Most notably, the `resvar` variable is weird as some of its elements get reused for multiple `y_cov` elements while others don’t (the last `J` elements only appear in one matrix). Is this desired? I can imagine that the two uses of each element induce difficult geometry.

Also why is `y_cov` an array of matrices, wouldn’t the following work just as well?

``````for(c in 1:(T*(J-1))) {
matrix[2,2] y_cov;
y_cov = diag_pre_multiply(resvar[{c,J+c}],y_Lcorr[c]);
y[,{c,J+c}] ~ multi_normal_cholesky(eta_vec[,{c,J+c}], y_cov);
}
``````

Generally the strategy going forward would be to strip everything except for the covariances from the model and see if the problem keeps appearing there.

2 Likes

Oh good catch, I was getting too clever with my looping.

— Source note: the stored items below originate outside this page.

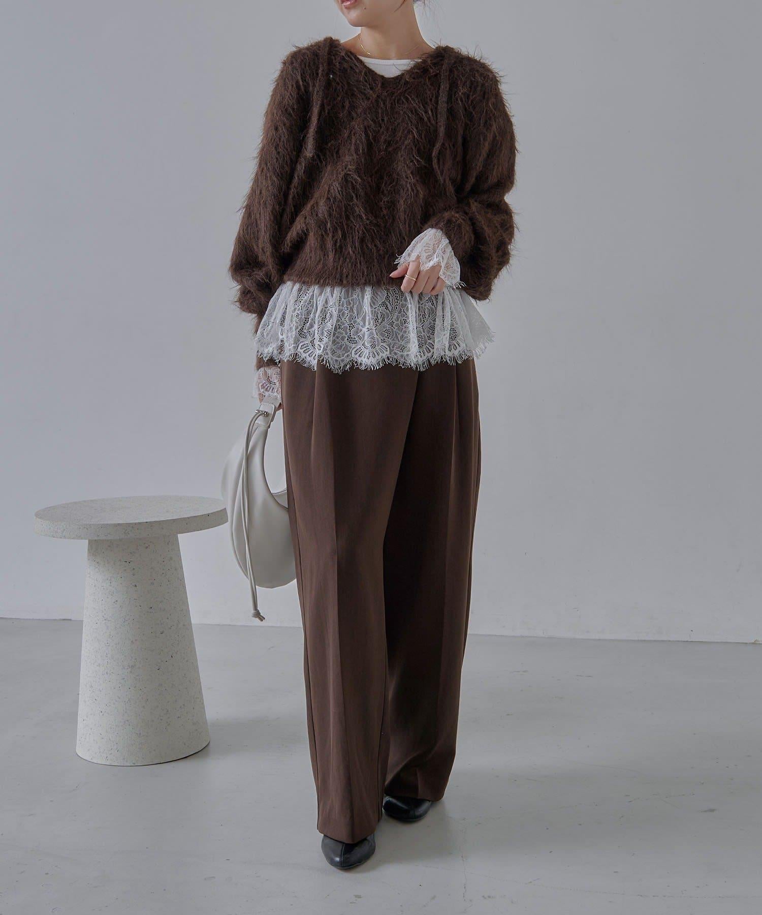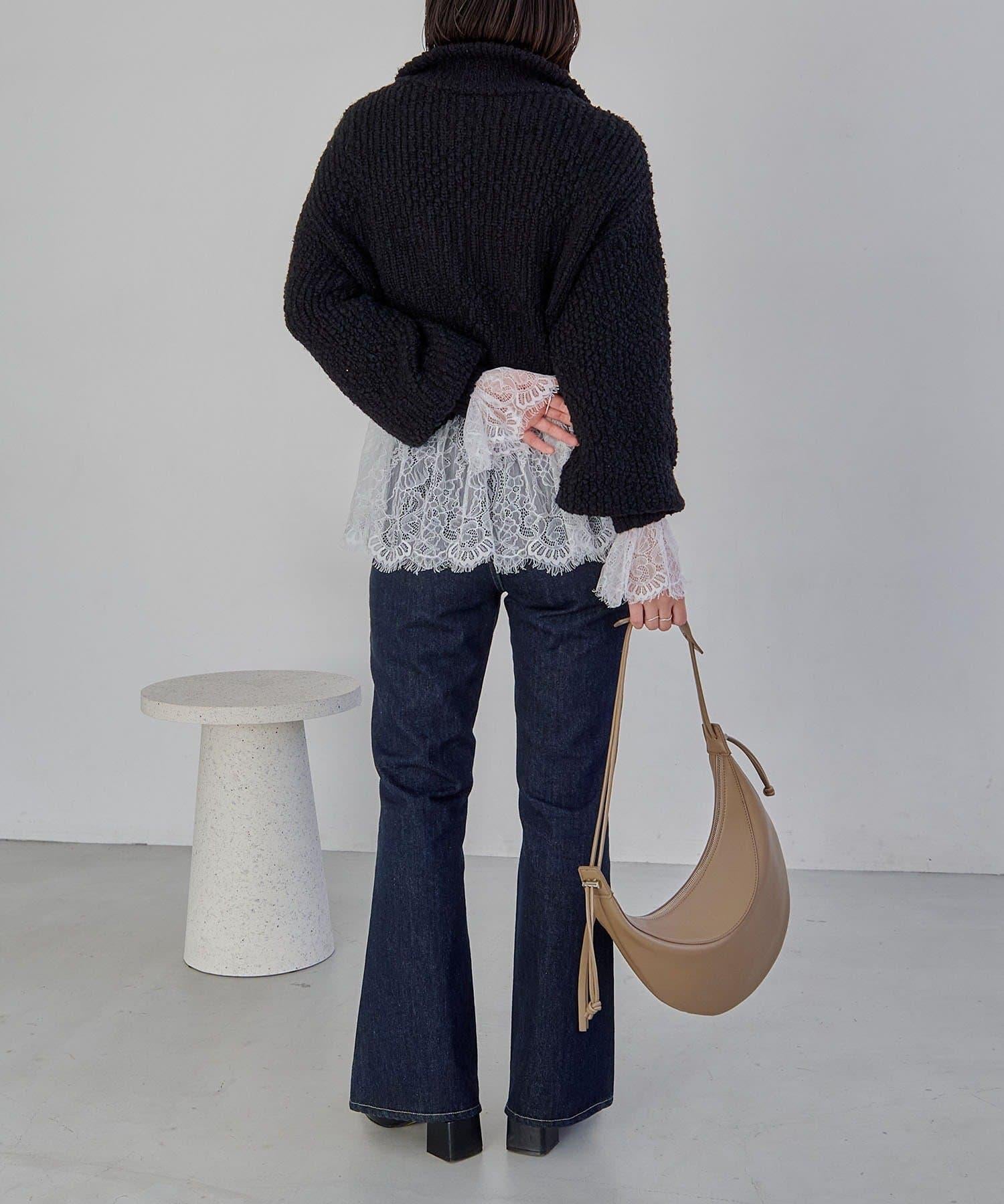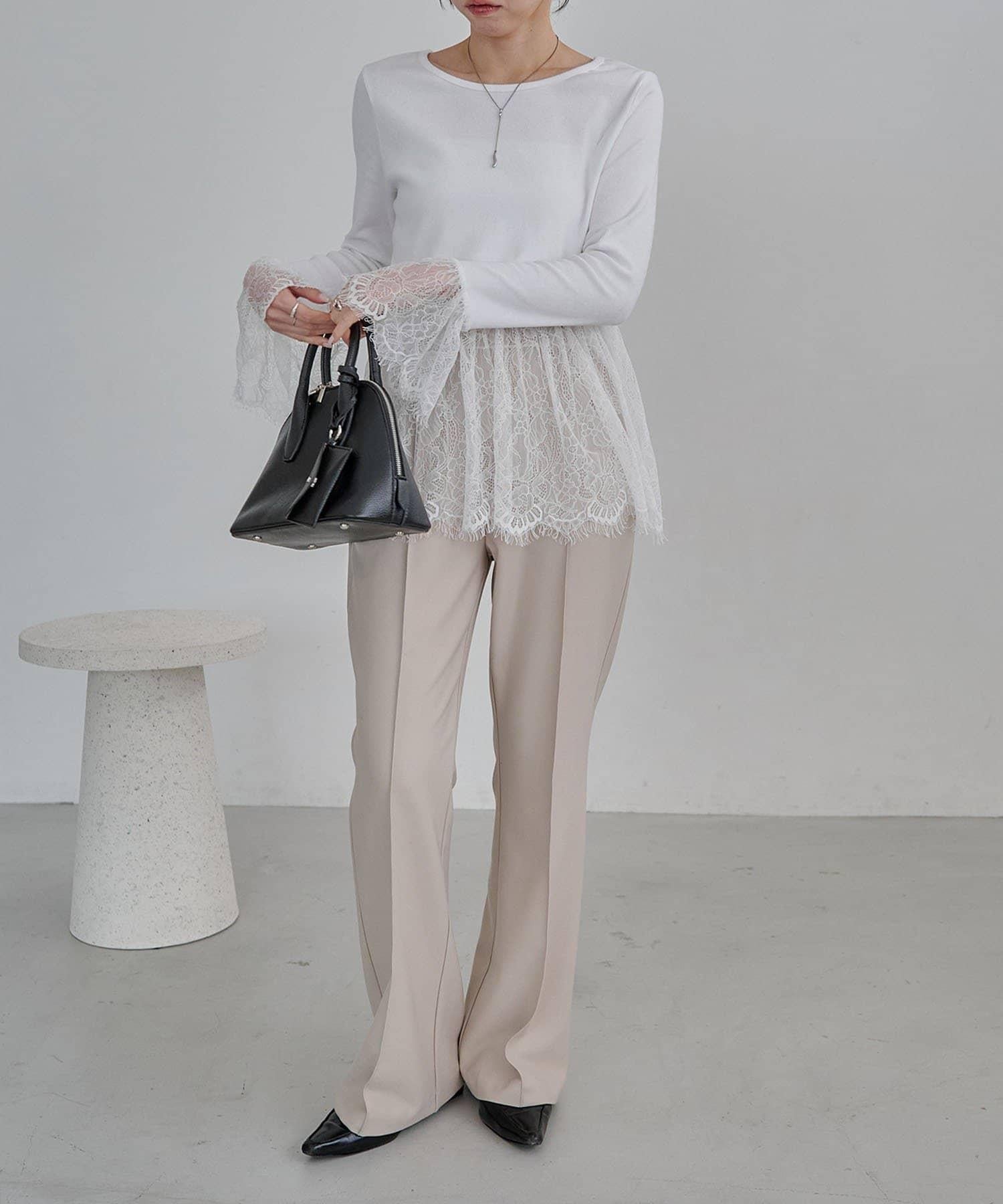 與針織衫或運動衫疊穿,露出下襬和袖口的蕾絲花邊。
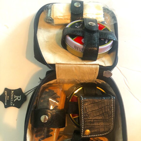 Rowallan Shoe Polish Kit Genuine Leather Case Neutral Black Polish Brush
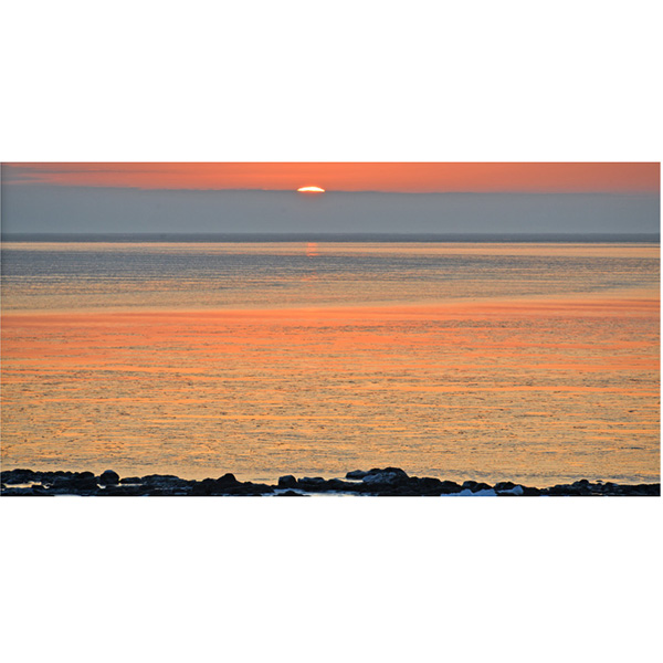 流氷が接岸しているときにも日の出撮影をしたのですが、氷がはりつめた海と日の出も素晴らしいものです。
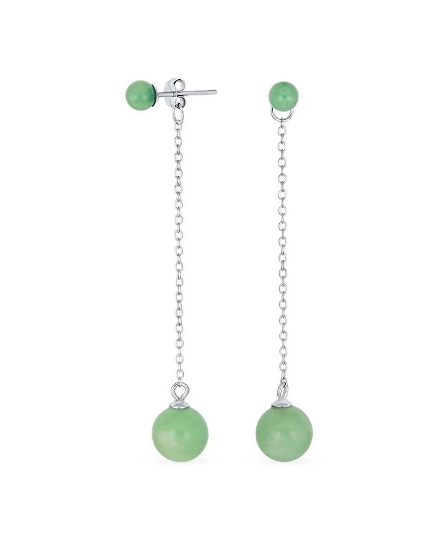 Bling Jewelry Classic Simple Dangle Double Round Natural Teal Blue Green Jade 2 Drop Ball Earrings .925 Sterling Silver 10MM
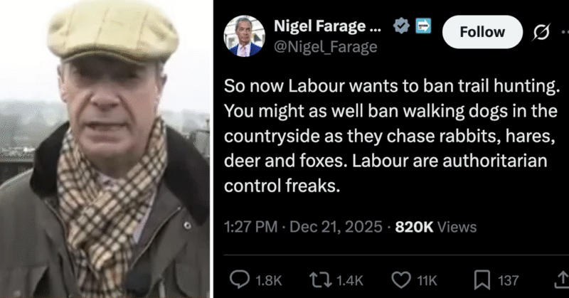 That’s right, the Reform UK leader is up in arms that Labour is planning to put trail hunting as part of its new animal welfare strategy.

The model is a repeated measures factor analysis with autocorrelated residuals, so y1_t1 is correlated with y1_t2, and y1_t2 is correlated with y1_t3, etc. The aim was to specify pairwise multi-normal distributions, but I didn’t realise that some of the y’s and their variances were appearing in multiple `multi_normal` calls (e.g. y1_t2 is separately specified as `multi_normal` with both y1_t1 and y1_t3).

The working solution that I found was to ‘pack’ the individual cholesky factors into a single larger cholesky factor and use that in a single `multi_normal` call:

``````transformed parameters{
cholesky_factor_corr[J*T] y_corr = diag_matrix(rep_vector(1,J*T));

for(c in 1:(T*(J-1))) {
y_corr[c+J,c] = y_Lcorr[c][2,1];
y_corr[c+J,c+J] = y_Lcorr[c][2,2];
}
}

model{
...

y ~ multi_normal_cholesky(eta_vec, diag_pre_multiply(resvar,y_corr));
}
``````

That model runs exceedingly well and recovers the parameters nicely.

Thanks for catching that looping oddity, it’s always the little things that trip me up!